Voluntary Planning Agreements
To re-cap, the most significant aspects of the VPA regime are:
a VPA is a commercial agreement between a developer and a planning authority under which a developer agrees to make contributions to be used for the provision of public infrastructure;
there is scope for a developer to make development contributions either as a cash contribution or as works-in-kind, to dedicate land to the planning authority or to provide any other material public benefit (or a combination of any of these);
a VPA will be entered into when a developer has either made, or proposes to make, a development application or has sought to change an environmental planning instrument (or a combination of these);
there is no requirement for developer contributions under a VPA to be linked with the development the subject of the VPA (such as increased demand or pressure on local infrastructure and services resulting from the development); and
as a VPA is a "voluntary" agreement, the terms of which are proposed by a developer, the nature and extent of the contributions are the subject of negotiation between the developer and the relevant planning authority.
While the law relating to VPAs has not changed significantly, the Act has brought in a number of changes to the scope of developer contributions under a VPA.
Planning authorities will now need to consider the "key considerations" before entering into a VPA. These are five new tests which apply consistently to the new law relating to development contributions:
Can the proposed public infrastructure be funded by a development contribution within a reasonable time?
What will be the impact of the proposed development contribution on the affordability of the proposed development?
Is the proposed development contribution based on a reasonable apportionment between existing demand and new demand for public infrastructure to be created by the proposed development to which the contribution relates?
Is the proposed development contribution based on a reasonable estimate of the cost of proposed public infrastructure?
Are the estimates of demand for each item of public infrastructure to which the proposed development contribution relates reasonable?
There are additional requirements where a developer proposes to enter into a VPA with a council.
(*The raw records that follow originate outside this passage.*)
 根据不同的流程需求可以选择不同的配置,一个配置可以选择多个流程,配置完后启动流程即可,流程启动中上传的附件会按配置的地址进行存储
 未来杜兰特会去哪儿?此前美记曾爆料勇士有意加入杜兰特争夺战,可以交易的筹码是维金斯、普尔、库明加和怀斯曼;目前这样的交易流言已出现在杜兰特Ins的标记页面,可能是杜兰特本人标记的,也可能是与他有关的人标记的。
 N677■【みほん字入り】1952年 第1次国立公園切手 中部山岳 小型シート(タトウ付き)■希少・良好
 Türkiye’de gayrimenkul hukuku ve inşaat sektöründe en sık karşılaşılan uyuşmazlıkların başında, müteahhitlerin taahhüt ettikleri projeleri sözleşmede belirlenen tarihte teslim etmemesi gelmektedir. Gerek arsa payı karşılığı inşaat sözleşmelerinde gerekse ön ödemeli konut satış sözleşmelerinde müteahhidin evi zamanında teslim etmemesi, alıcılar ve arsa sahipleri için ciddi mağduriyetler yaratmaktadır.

In these circumstances, the development contributions must be limited to the following "key community infrastructure":
- local bus facilities;
local sporting, recreational, cultural, local and social facilities;
local car parking facilities;
drainage and water management works;
land for any community infrastructure (except riparian corridors); and
certain additional direct infrastructure related to above.
The Minister for Planning must approve any "additional community infrastructure" beyond the scope of "key community infrastructure". The Minister must have regard to the "key considerations" when deciding whether or not to approve a request for "additional community infrastructure.
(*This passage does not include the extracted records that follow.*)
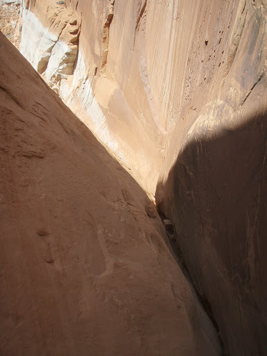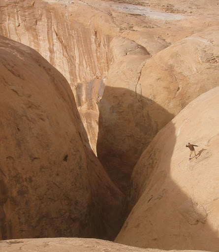 I am relieved to be lower in the canyon now. Not so much big air. That does not last long. Ahead of me is a long exposed silo. The drop is 30 feet, but it is a bottom fall, for sure, if one were to err. The geometry of the place is like none I have ever seen before. It is a long rectangular room. If one were to drop in there, I can’t see how one would ever get out. Jail with no need for a jailer. A true mouse in the bucket, complete with walls too far apart to stem and a roof covering the ends of the room. Only the gaping hole in the middle invites one in for a view. To cross the top of it is quite wide. The walls are made of sugar and it seems to get wider. I feel a panic take hold. I back off without even looking past the bulge and let Aaron go look, as I cower in the corner.
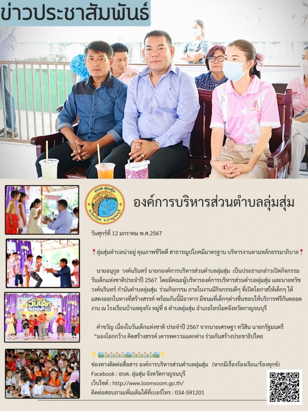 นายอนุกูล วงค์นรินทร์ นายกองค์การบริหารส่วนตำบลลุ่มสุ่ม เป็นประธานกล่าวเปิดกิจกรรมวันเด็กแห่งชาติ ประจำปี 2567 โดยมีคณะผู้บริหารองค์การบริหารส่วนตำบลลุ่มสุ่ม และนายทวิช วงค์นรินทร์ กำนันตำบลลุ่มสุ่ม ร่วมกิจกรรม ภายในงานมีกิจกรรมดีๆ ที่เปิดโอกาสให้เด็กๆ ได้แสดงออกในทางที่สร้างสรรค์ พร้อมกันนี้มีอาหาร มีขนมที่เด็กๆต่างชื่นชอบให้บริการฟรีกันตลอดงาน ณ โรงเรียนบ้านหลุงกัง หมู่ที่ 6 ตำบลลุ่มสุ่ม อำเภอไทรโยค จังหวัดกาญจนบุรี
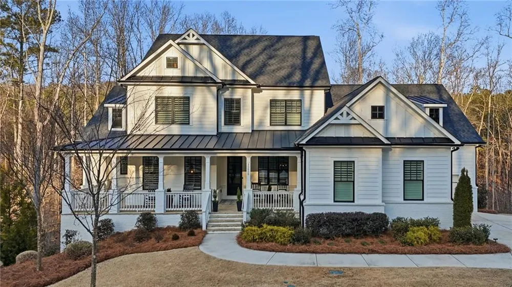 Privately set at the end of a quiet street, this exceptional Milton Run residence offers a rare blend of luxury, privacy, and convenience. Built in 2022 and impeccably maintained, this like-new home sits on 1.77 wooded acres, creating a peaceful, retreat-like setting just minutes from Milton’s shops, dining, and top-rated schools. A wraparound front porch welcomes you into a thoughtfully designed interior with hardwood floors throughout and refined finishes at every turn. The main level features a private office with its own exterior access to the front porch, ideal for working from home, along with a formal dining room highlighted by elegant board-and-batten detailing. The primary suite on the main level is a true sanctuary, showcasing a wood accent wall with beams, a walk-in closet, and a spa-inspired bath with dual vanities, a soaking tub, and an oversized shower with multiple shower heads. Designed for both everyday living and entertaining, the fireside living room flows seamlessly into the chef’s kitchen, which offers abundant cabinetry, a large island, stainless steel appliances, and a walk-in pantry. Adjacent to the kitchen, a cozy sitting room with its own fireplace provides an inviting additional living space. Step outside to enjoy two decks, including a covered deck with ceiling fans, perfectly positioned to take in the home’s private, wooded surroundings. A well-appointed mudroom and laundry room with extensive cabinetry and a utility sink complete the main level. Upstairs, a versatile lounge area with a shiplap accent wall anchors three additional bedrooms—one ensuite and two sharing a full bath. The full, unfinished basement offers exceptional potential for future expansion or customization. Additional highlights include a three-car garage with an expanded driveway and multiple outdoor living spaces that enhance the home’s serene, quiet setting. Move-in ready and thoughtfully designed, this Milton Run retreat delivers refined living, exceptional privacy, and modern comfort in one of Milton’s most desirable locations.
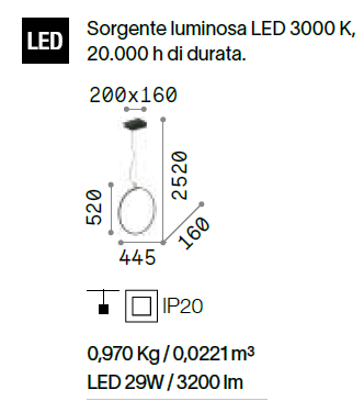 mm: L. 445 x P. 160 x H. 2520 x H. paralume 520
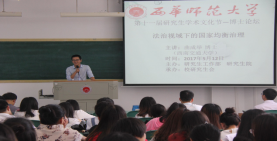 正值西华师范大学第十一届研究生学术文化节之际,我院博士宣讲团成员曲成举、邱铁鑫两位同学应西华师范大学研究生工作部邀请,于2017年5月12日前往南充,为该校研究生进行了两堂学术宣讲。曲成举的宣讲题目是“法治视域下的国家均衡治理”;邱铁鑫的宣讲题目是“传统廉政文化在习近平廉政建设思想中的现代转换”。
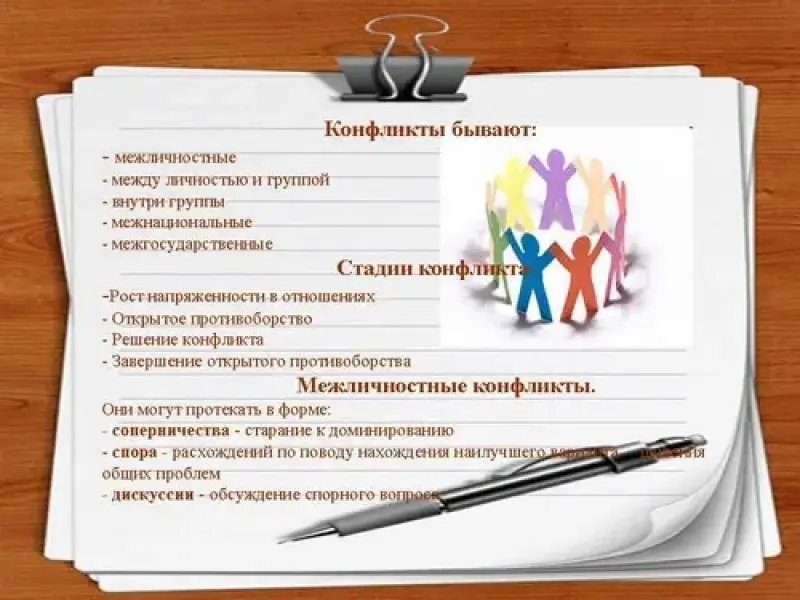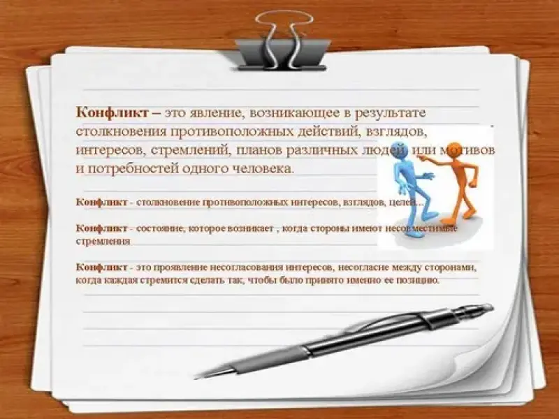 (Слайд №17 ) Конфликт - это явление, возникающее в результате столкновения противоположных действий, взглядов, интересов, стремлений, планов различных людей или мотивов и потребностей одного человека.

The Minister cannot approve any development contributions relating to land for riparian corridors.
The Minister must be given a business plan when a request is made for the approval of "additional community infrastructure". A business plan must set out how the "additional community infrastructure" will be funded, provided and be operational within the period specified in the VPA. A report by an independent expert must also be given to the Minister.
It will be important for planning authorities, including the Minister, to adopt procedures to ensure that the "key considerations" are taken into account when developer contributions are being considered and negotiated with developers in connection with VPAs.
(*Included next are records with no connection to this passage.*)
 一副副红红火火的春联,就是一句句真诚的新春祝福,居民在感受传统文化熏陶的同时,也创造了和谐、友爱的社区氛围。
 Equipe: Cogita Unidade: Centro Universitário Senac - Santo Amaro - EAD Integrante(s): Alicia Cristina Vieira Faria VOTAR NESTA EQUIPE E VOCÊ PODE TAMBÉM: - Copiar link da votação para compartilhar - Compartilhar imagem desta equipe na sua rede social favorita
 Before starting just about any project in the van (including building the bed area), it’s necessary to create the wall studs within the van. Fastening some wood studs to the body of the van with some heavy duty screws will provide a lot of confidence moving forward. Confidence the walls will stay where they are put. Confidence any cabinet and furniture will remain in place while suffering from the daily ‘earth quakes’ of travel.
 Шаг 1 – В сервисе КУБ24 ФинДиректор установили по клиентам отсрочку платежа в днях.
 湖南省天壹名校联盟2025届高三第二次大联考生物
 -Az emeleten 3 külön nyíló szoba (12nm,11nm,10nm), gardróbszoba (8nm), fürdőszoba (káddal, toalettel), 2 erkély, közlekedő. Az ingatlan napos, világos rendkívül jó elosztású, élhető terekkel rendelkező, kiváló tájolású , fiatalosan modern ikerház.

Procedures will also need to be put in place for the preparation of business plans and the commission of independent reports where the Minister's approval is required for "additional community infrastructure". Planning authorities and developers should also consider how the requirement both for the Minister's consent and the preparation and submission of a business plan and independent report will impact upon the timing to finalise and enter into a VPA.
Community Infrastructure Contributions
The Act has also brought in a number of changes to the scope of section 94 and 94A contributions, which have been renamed as "direct contributions" and "indirect contributions" respectively and collectively as "community infrastructure contributions".
The current law provides that a planning authority can only require a developer to make "community infrastructure contributions" if those contributions are permitted by a contributions plan.
Under the Act, contributions plans must be limited to "key community infrastructure" unless approved by the Minister. The approval regime is the same as for VPAs. In other words, the Minister must be given a business plan and report from an independent expert when a request is made for Minister's approval for any "additional community infrastructure" beyond the scope of "key community infrastructure".
As with VPAs, the Minister must have regard to the "key contributions" when deciding whether or not to approve the "additional community infrastructure" in a contributions plan.